Prende spunto dal passato, per l’esattezza dagli esperimenti di fine ‘800 di Nikola Tesla, lo studio di un gruppo di ricercatori, guidati da Marco Santarelli direttore scientifico di Res on network e membro scientifico del progetto di ricerca Netonnets. Una sua prima applicazione pratica è stata proprio l’illuminazione del terzo piano della Torre di Cerrano, nell’Area marina protetta del Cerrano e l’esperimento sarà presentato a Milano alla decima edizione del Festival dell’energia. 

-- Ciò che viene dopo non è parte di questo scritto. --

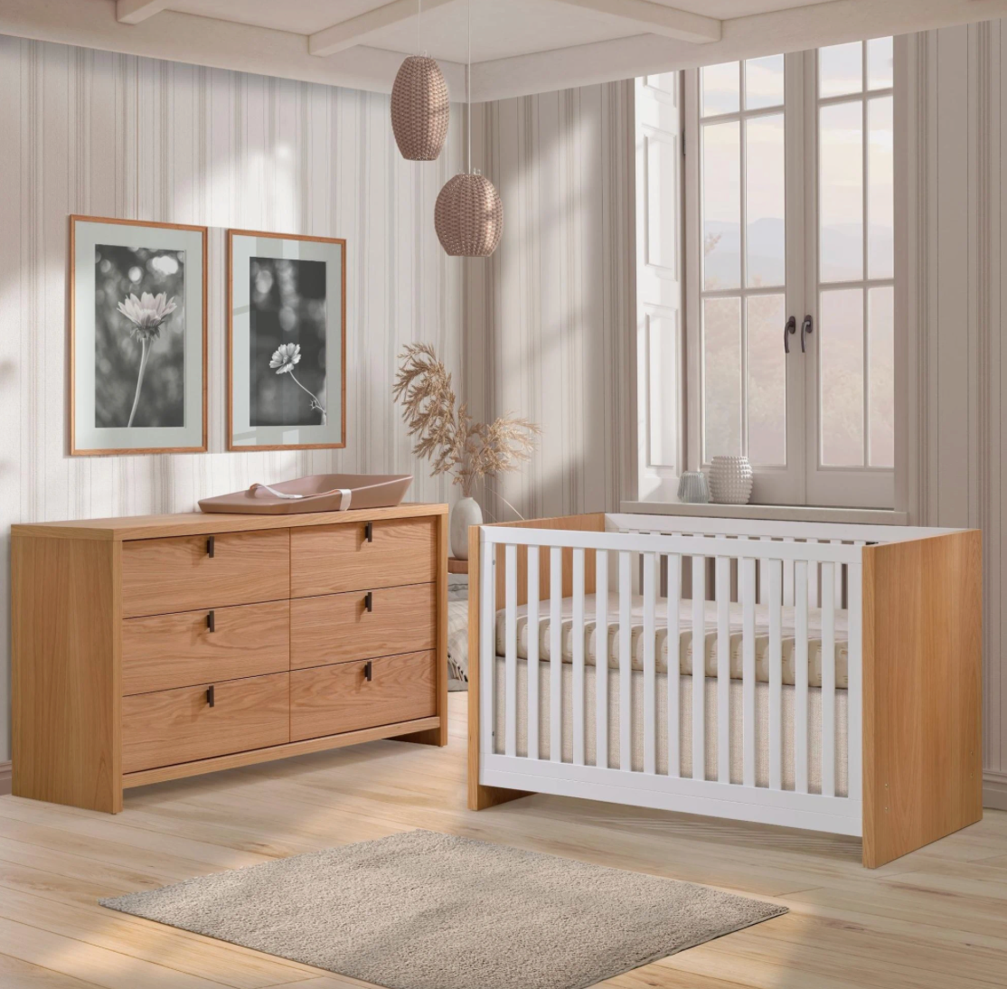 The Natart Linea Double Dresser 62’’ combines modern Scandinavian-inspired design with premium craftsmanship and the highest safety standards. Handcrafted in Canada from solid oak wood, this dresser features a clean, natural finish with unique vertical metal handles, adding a contemporary and sophisticated touch to any nursery or bedroom.

Torre del Cerrano energia senza filiUna rivoluzione energetica, senza cavi, tralicci, elettrodotti e spine, l’esperimento in Abruzzo ha dimostrato che è possibile trasmettere energia a una distanza di 500 metri, producendo e stoccando 1 kw e mezzo di energia al giorno. Fra meno di un anno sarà pronto un prototipo che mostri il funzionamento delle bobine trasmettitrici a circa 20 km. Per la trasmissione dell’energia prodotta da fonti rinnovabili e da una determinata massa o materia reperibile nell’ambiente, occorrono principalmente 3 elementi: 2 bobine in rame, poste in qualsiasi posto, dette bobine di Tesla che trasformano l’energia raccolta e creano nello spazio compreso fra loro un campo di forza e un trasformatore che rende il segnale energetico fruibile da una lampadina o da qualsiasi dispositivo richiedente energia elettrica come elettrodomestici, televisori o computer che così non avranno più bisogno di cavi e spine per funzionare. “In questo momento la trasmissione dell’energia senza fili è la frontiera della ricerca in tutto il mondo perché eliminare i cavi renderà i nostri dispositivi e tutto ciò con cui interagiamo molto più efficiente, pratico e decisamente meno costoso. Con tale scoperta potremmo prevenire black-out e fornire interi quartieri con energia in surplus di impianti rinnovabili –  aggiunge Santarelli – stiamo conducendo esperimenti importanti sulla rete elettrica tradizionale con un approdo ad un’energia senza fili che sfrutta anche l’energia da elementi ambientali secondo il principio della cosiddetta risonanza reciproca. L’esperimento è registrato come Elastic energy in team con esperti internazionali. Personalmente sia con il brevetto di Biro robot che permette il monitoraggio continuo dei consumi energetici, sia con quello dell’energia senza cavi, sto cercando di dimostrare che dalla scienza arrivano le soluzioni per abbattere i costi, l’inquinamento ambientale e prevenire i black-out” conclude Santarelli precisando che “nel prossimo futuro il costo dell’energia, luce e calore, potrà essere quasi zero e avremmo sempre meno interruzioni monitorando meglio l’efficienza energetica”  (Fonte Milano finanza-down jones (Mfdj) news).